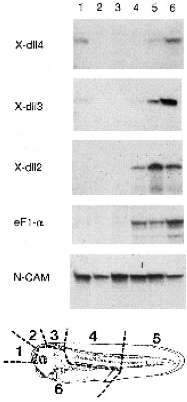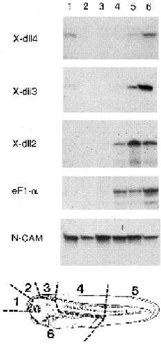 expression of X-dll3 (N) and X-dll4 (S) in the posterior
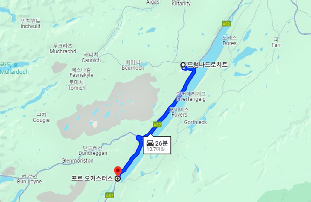 우리의 숙소가 있는 드럼나드로이트 Drumnadrochit에서 네스호 옆으로 나있는 A82번 도로를 따라서 남쪽으로
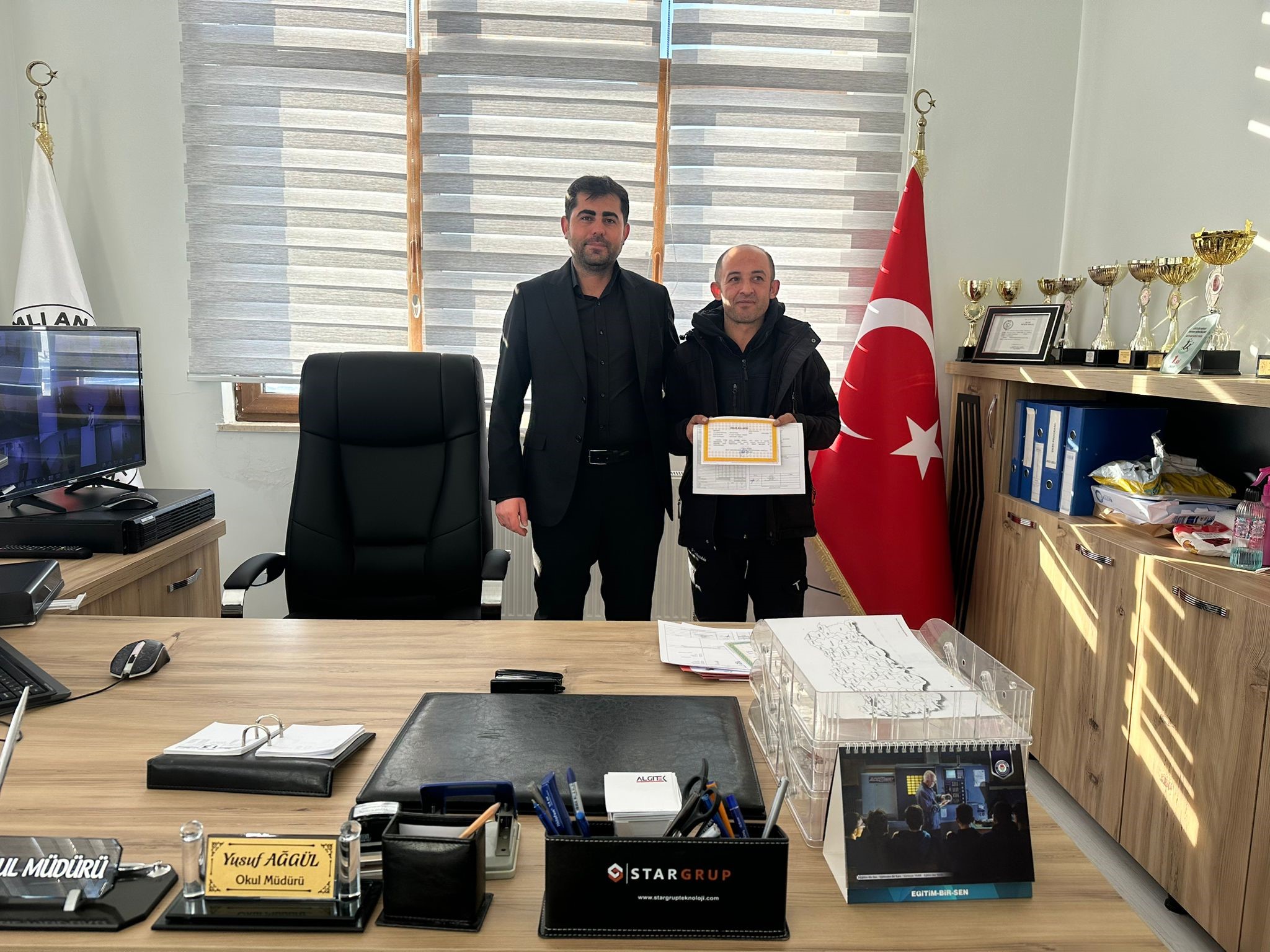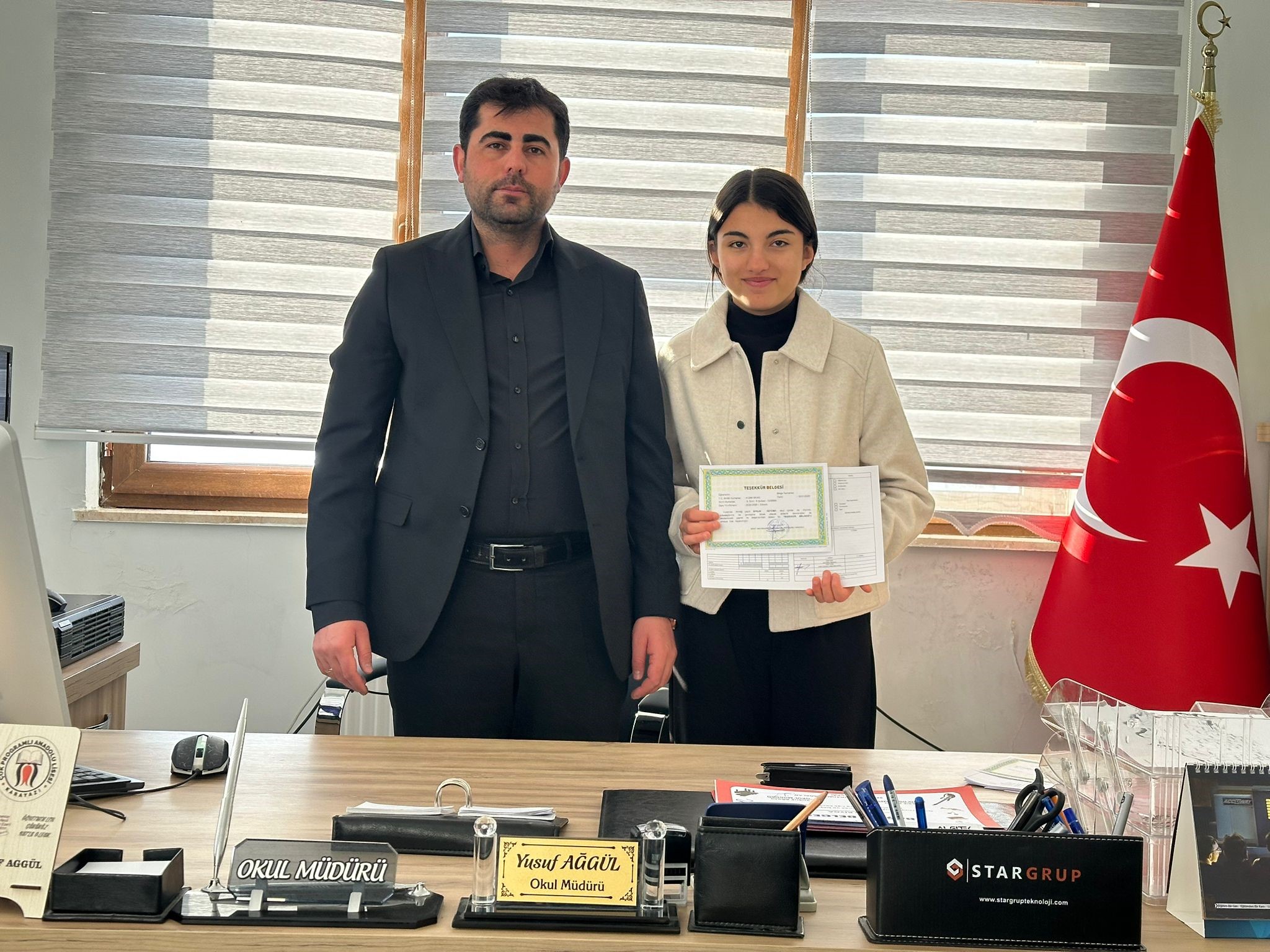 Okul Müdürü Yusuf Ağgül, öğrencilerin bir dönem boyunca döktüğü alın terinin karşılığı olan karne ve başarı belgelerini bizzat velilere takdim etti.

__WHAT THIS TASK INVOLVES__. Images are to be skipped, and each line above is to be returned exactly.

__EXERCISE RESPONSE__.
 expression of X-dll3 (N) and X-dll4 (S) in the posterior
 우리의 숙소가 있는 드럼나드로이트 Drumnadrochit에서 네스호 옆으로 나있는 A82번 도로를 따라서 남쪽으로
 Okul Müdürü Yusuf Ağgül, öğrencilerin bir dönem boyunca döktüğü alın terinin karşılığı olan karne ve başarı belgelerini bizzat velilere takdim etti.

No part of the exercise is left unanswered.